"""

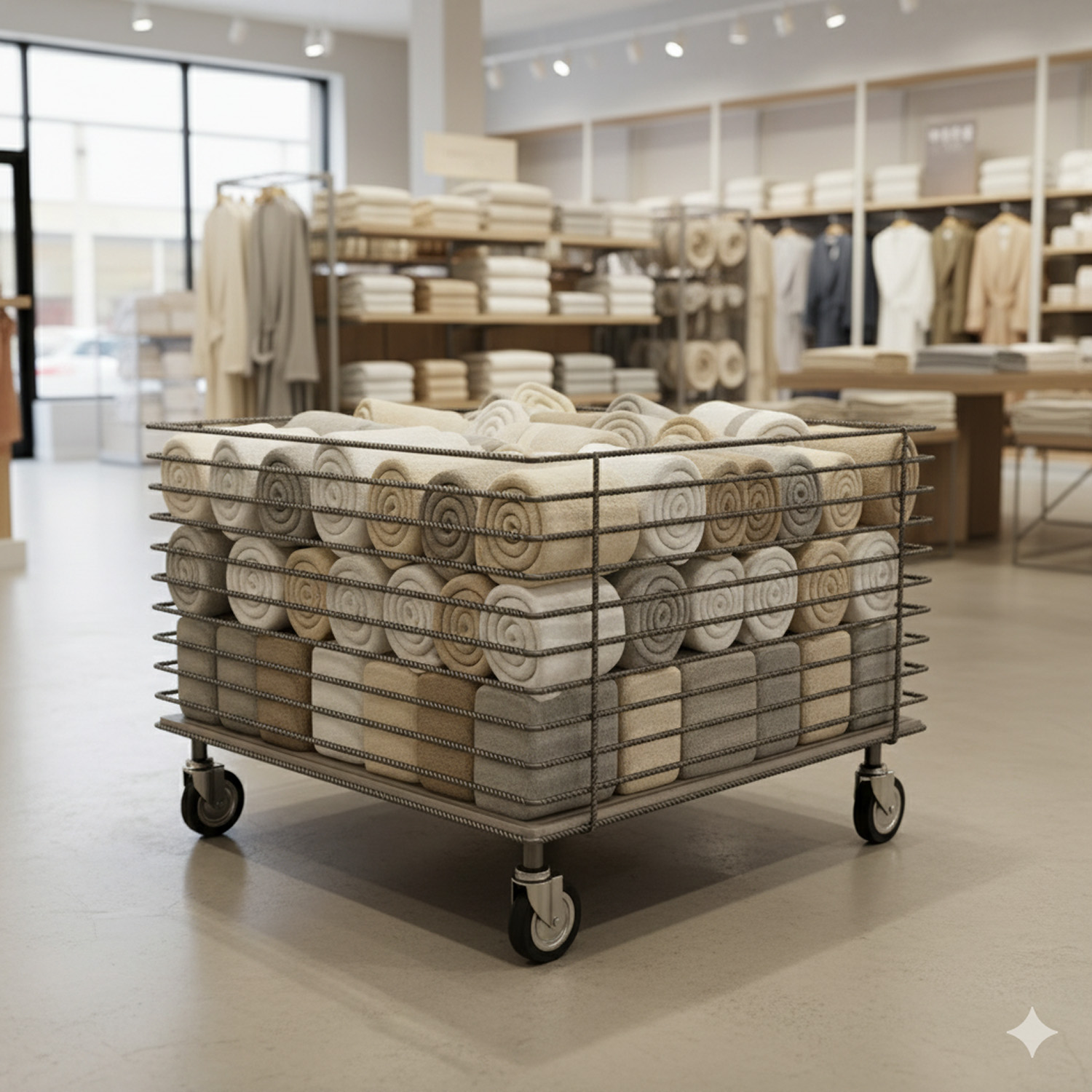 Dieser stabile Wühlkorb mit Holz-Fachboden und leichtgängigen Rollen präsentiert Aktionsware gut sichtbar und sofort griffbereit. Die robuste Metallkonstruktion und die flexible Mobilität machen ihn ideal für spontane Platzierungen in stark frequentierten Bereichen.
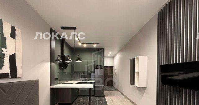 обеденный барный стол (барные стулья в ближайшее время привезут), кухонный гарнитур, гардеробная у входной зоны.
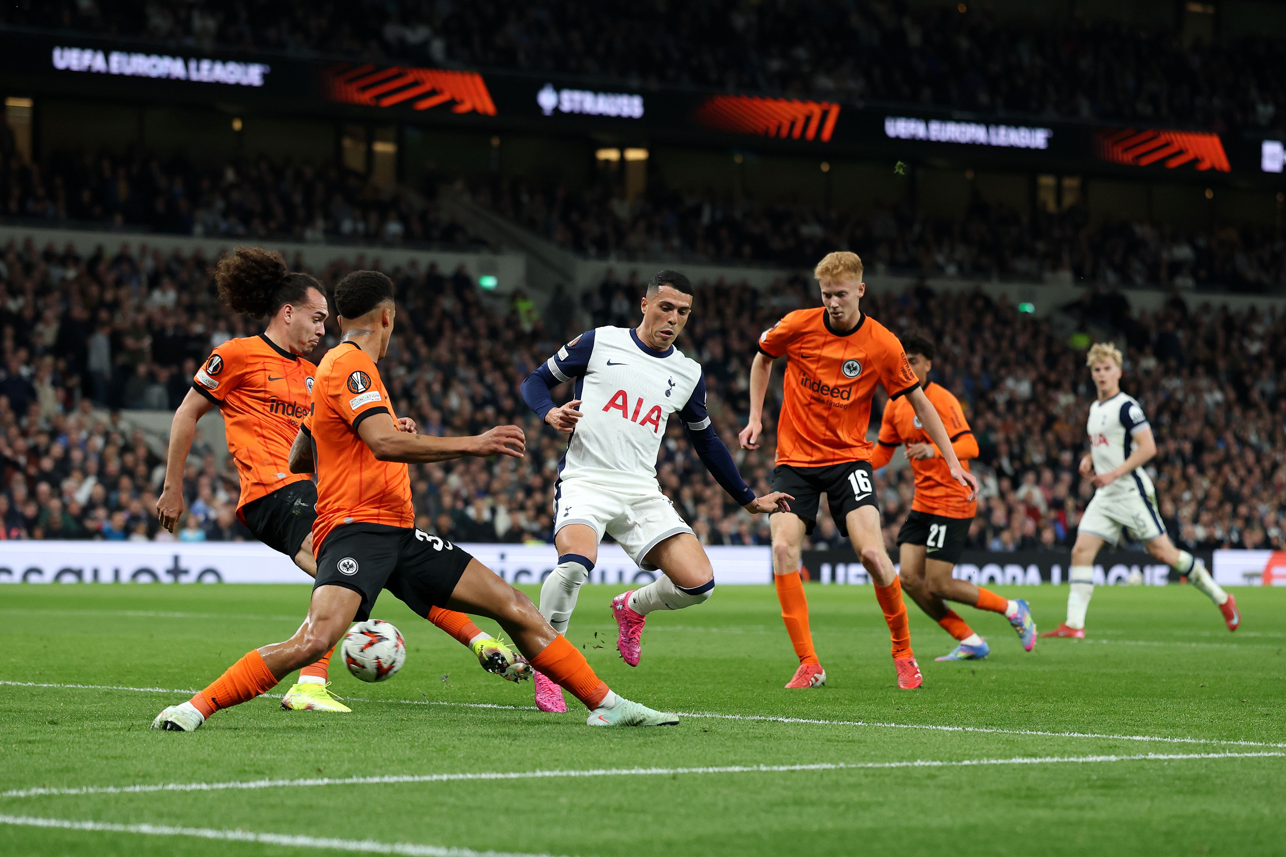 Pedro Porro of Tottenham Hotspur scores his team's first goal whilst under pressure from Arthur Theate and Tuta of Eintracht Frankfurt during the UEFA Europa League 2024/25 Quarter Final First Leg match between Tottenham Hotspur and Eintracht Frankfurt at Tottenham Hotspur Stadium on April 10, 2025 in London, England. (Photo by Alex Pantling/Getty Images)
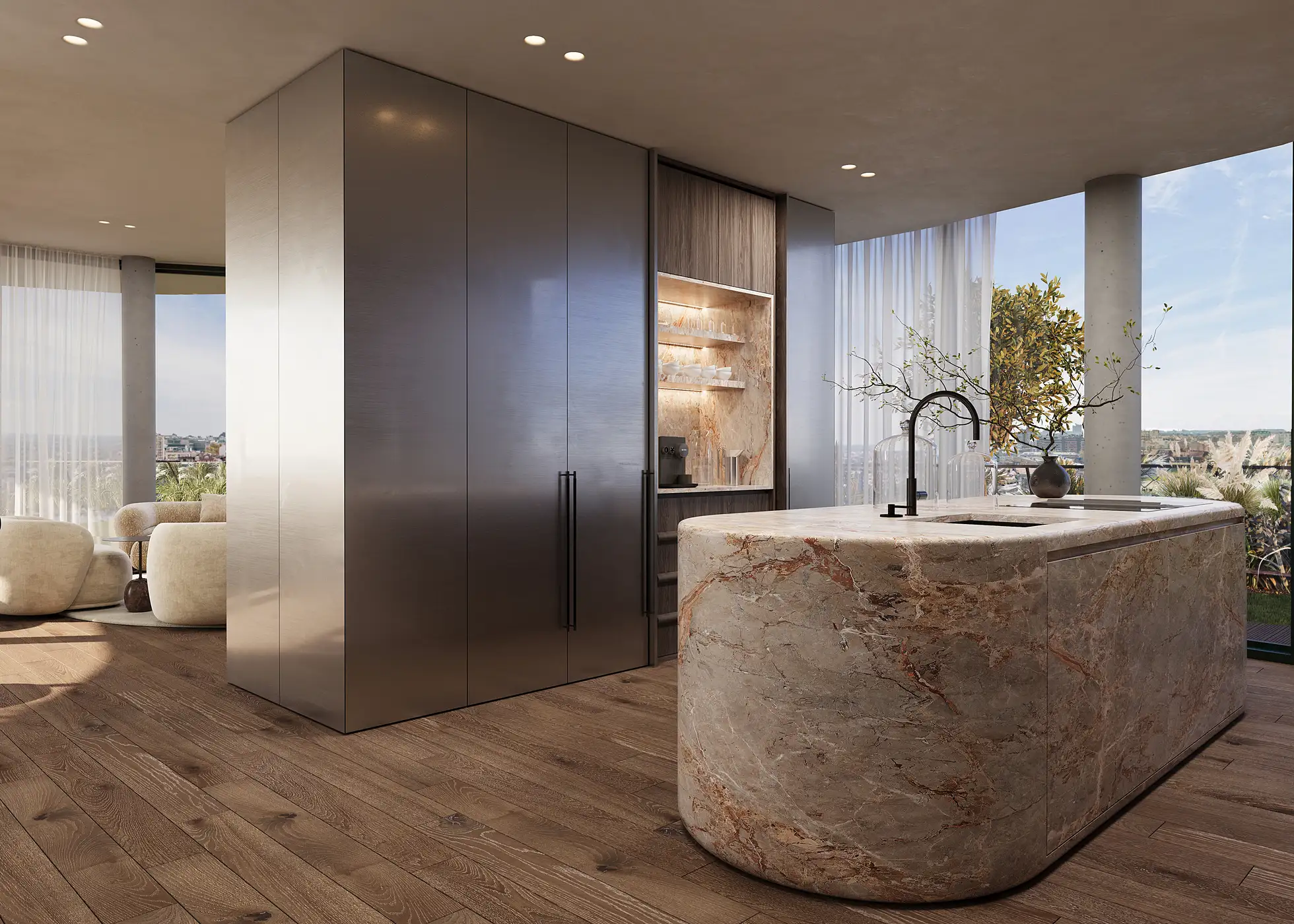 The result is an interior that feels both refined and grounded — a calm urban refuge where contemporary luxury is experienced through proportion, material, and atmosphere. More than a designed space, the penthouse becomes a place to live slowly and fully, offering a lasting sense of balance, comfort and quiet sophistication.
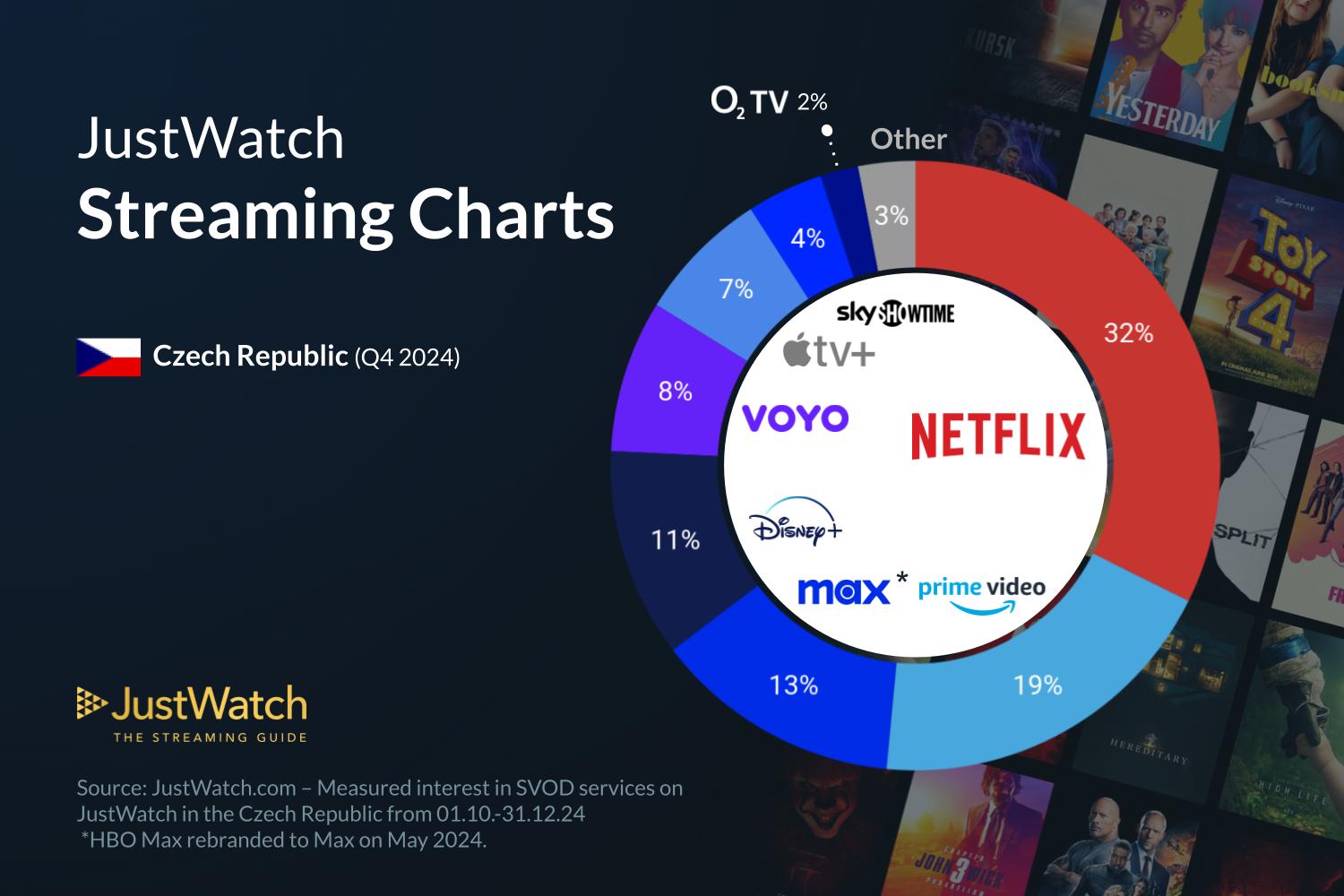 V JustWatch při tvorbě popularity tuzemských video streamovacích platforem jako obvykle vycházeli z toho, jak si 350 tisíc uživatelů služby v České republice vybralo své populární streamovací služby, rozkliklo nabídky streamování a označilo tituly jako zhlédnuté. Netflix S 32 % vede, i když za rok ztratil 3 %. Druhé je Prime Video s 19% podílem, kdy si naopak o dvě procenta, stejně jako voyo a Apple TV+, polepšilo. Max je s 13 % třetí. Nejlépe si ale do jisté míry vedlo Disney+, protože za rok vydělalo 4 % podílu.

"""

(Work to complete) Write out exactly the lines of the material above, starting with the first and finishing with the line that contains "Pedro Porro of", without pictures.

(Task solution)
 Dieser stabile Wühlkorb mit Holz-Fachboden und leichtgängigen Rollen präsentiert Aktionsware gut sichtbar und sofort griffbereit. Die robuste Metallkonstruktion und die flexible Mobilität machen ihn ideal für spontane Platzierungen in stark frequentierten Bereichen.
 обеденный барный стол (барные стулья в ближайшее время привезут), кухонный гарнитур, гардеробная у входной зоны.
 Pedro Porro of Tottenham Hotspur scores his team's first goal whilst under pressure from Arthur Theate and Tuta of Eintracht Frankfurt during the UEFA Europa League 2024/25 Quarter Final First Leg match between Tottenham Hotspur and Eintracht Frankfurt at Tottenham Hotspur Stadium on April 10, 2025 in London, England. (Photo by Alex Pantling/Getty Images)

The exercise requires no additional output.